From

August 24, 2008

Ireland; Doubts persist at factory in salmonella inquiry

Food safety chiefs believe there may be a second source of the bug

Source of Article:  http://www.timesonline.co.uk/tol/news/world/ireland/article4597270.ece

 

HEALTH authorities are still not satisfied that a production line at Dawn Farm Foods in Kildare, linked to an outbreak of salmonella throughout Europe, is functioning properly.

They also believe there is a second source of the bug, which has left 140 people ill, 10 in Ireland and 70 in England. Last week more cases were found in France and Sweden.

It is thought that the failure of a thermal cooking line in Dawn led to infected bacon, beef and chicken products getting into food products such as Subway sandwiches. The factory is undergoing pharmaceutical cleaning, but tests have to be run to ensure that the thermal line is operating properly before it is re-opened.

“Whether it was a one-off failure and they managed to contaminate the clean side of this factory with this bug, or whether there were intermittent failures, it’s difficult to tell,” said Alan Reilly, deputy chief executive of the Food Safety Authority of Ireland (FSAI).

“Both ourselves and the Department of Agriculture would have to be satisfied that the measures Dawn have put in place are adequate to ensure that products coming out of that plant are safe.”
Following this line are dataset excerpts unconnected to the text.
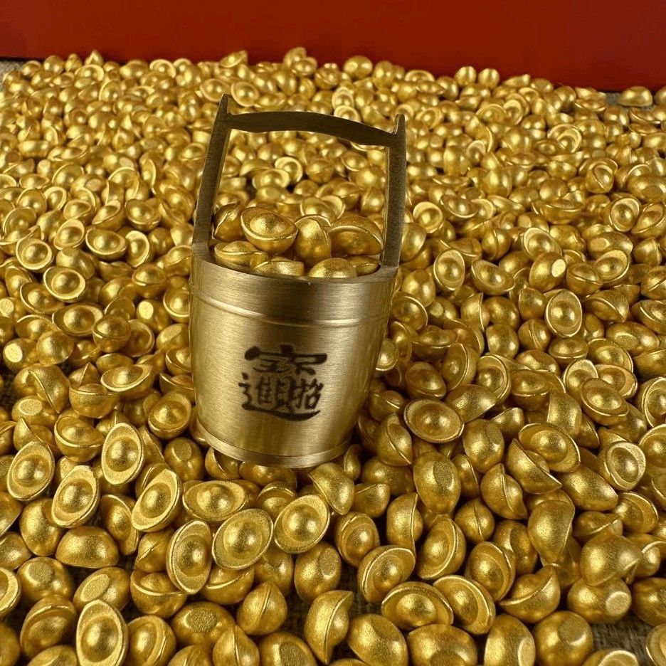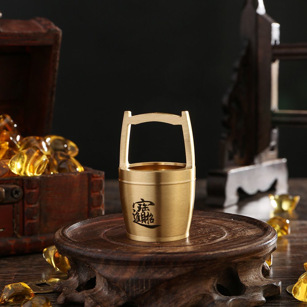 黃銅熱賣招財進寶一桶金擺件創意聚寶盆辦公室書房客廳金財米桌擺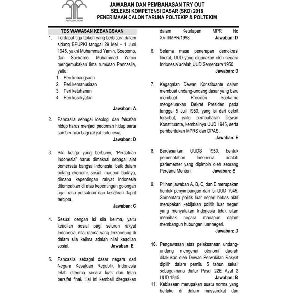 Buku panduan dan persiapan calon taruna poltekip poltekim 2022 kemenkumham, rp127.000. Kompetensi dasar (skd) sekolah kedinasan tahun 2021 : Materi tes, jumlah soal, passing grade, cara penilaian. Berisi tes uji kemampuan pra materi, video materi, video pembahasan soal, tes uji kemampuan pasca materi dan kesimpulan materi dalam bentuk infog. Soal poltekip poltekim twk (tes wawasan kebangsaan) 2020/2021 · soal catar poltekim poltekip tiu (tes intelegensi umum) 2020/2021 · soal poltekim dan poltekip tes .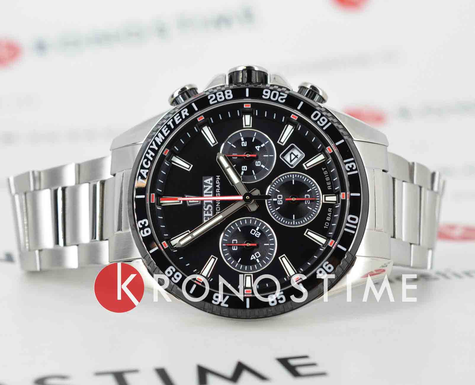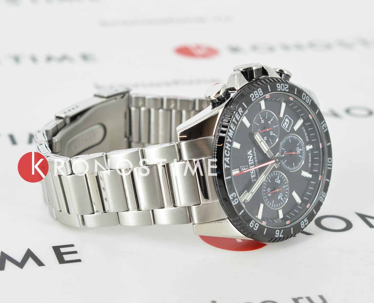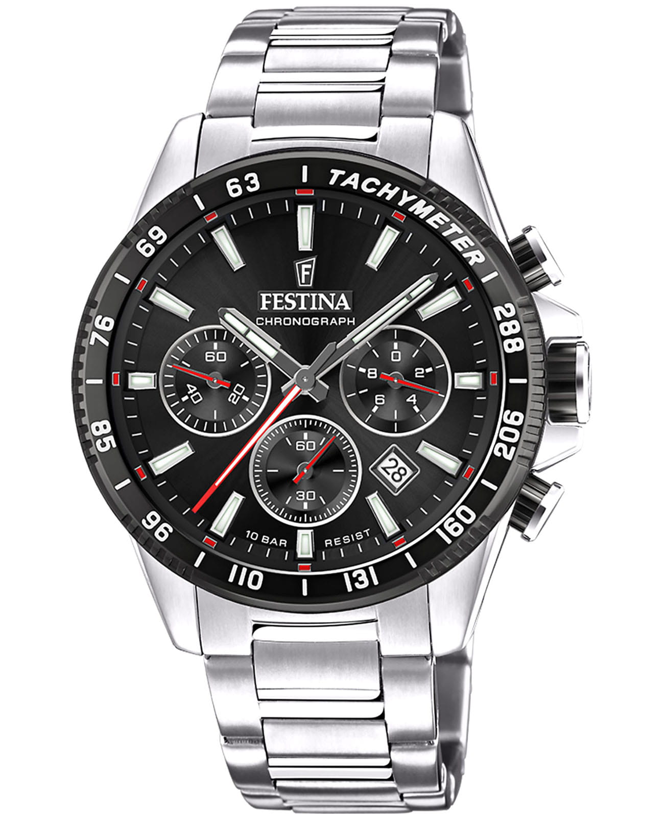 Festina F20560/6 — эксклюзивный хронографХронографФункция позволяет измерять отрезки времени с особой точностью: часы, минуты, секунды. Верным признаком хронографа является наличие на циферблате 3 дополнительных окошек-счётчиков. с дополнительными функциями секундомераСекундомерСекундоме́р — прибор, способный измерять интервалы времени с точностью до долей секунды. и тахиметраТахиметрРазмеченная шкала, располагается на ободке или безеле часов. Тахиметр позволяет рассчитать скорость на определённом участке пути, расстояние измеряется в километрах или милях., который выделяется продуманным дизайном и высоким качеством отделки. Эта модель станет отличным выбором для мужчин, ценящих идеальное соотношение цены и качества, а также практичность и надежность в ежедневном использовании. Минеральное стеклоМинеральное стеклоМинеральное стекло представляет собой искусственно выращенный минерал кварца. Такое стекло отличается особой устойчивостью к повреждениям и царапинам. Уступает по некоторым качествам сапфировому стеклу. обеспечивает отличную защиту от появления царапин и обладает высокой степенью прозрачности, что гарантирует превосходную читаемость показаний. Циферблат оснащён люминесцентным покрытиемЛюминесцентное покрытиеПозволяет считывать показания времени в темноте. Производители наносят на стрелки, часовые индексы, безель или поверхность циферблата светонакопительный состав, дающий холодное свечение. стрелок и меток, что позволяет легко определять время даже в условиях плохой освещенности. БезельБезельВнешний ободок, закрепляющий стекло. В спортивных часах так называется поворотное кольцо с делениями на циферблате, выполняет роль таймера – замеряет отрезки времени на шкале. Неподвижный безель – элемент декора. Однонаправленно вращающийся безель на дайверских часах позволяет фиксировать моменты погружения и выныривания на поверхность. с износостойким PVDPVDУльтратонкое покрытие наносится в технике вакуумного напыления, сочетает в себе нитрид титана особой прочности со слоем золота или оксида хрома. Несёт в себе декоративную или защитную функцию. покрытием подчеркивает современный стиль часов и повышает их долговечность. Класс водозащиты 100 метров позволяет использовать часы во время плавания, ныряния и активных водных видов спорта, не опасаясь за их сохранность. Стальной браслет на раскладной застёжкеРаскладная застёжкаТакой тип застёжки используется только на браслетах из металла. Она никогда не раскрывается полностью, происходит разделение на 2 и более частей. Раскладывающая застёжка снизит вероятность потери часов к минимуму. обеспечивает удобную посадку на запястье.

Dawn Foods shut down production on August 15 in order to sterilise the plant and expected this would take a week. “That process is well under way,” Dawn said on Friday.

Not all of the people who became ill ate products linked to Dawn, which has prompted food-safety investigators to search for another source of the Salmonella Agona bug. “We are pulling foods from all over,” said Reilly.

The FSAI has also compared peaks in the numbers of outbreaks to possible failure at the Dawn production line. “It doesn’t really tally,” Reilly said. “Dawn sends food out all over Europe, maybe the equivalent of 24m servings over the last three months, but we have 140 people sick. So there’s a lot of food gone out from that plant that’s fine.”

Almost all the cases discovered in Ireland over the last four years came from chicken, which has prompted investigators to check on farms that supply the meat to Dawn. They are also looking at possible environmental sources. The same salmonella bug was isolated in a river in Scotland, and in animal feed in the UK.

While Salmonella Agona’s symptoms include vomiting, diarrhoea and fever, it is not life-threatening. Serious complications can occur for the young, elderly and pregnant women. The bug is killed by cooking.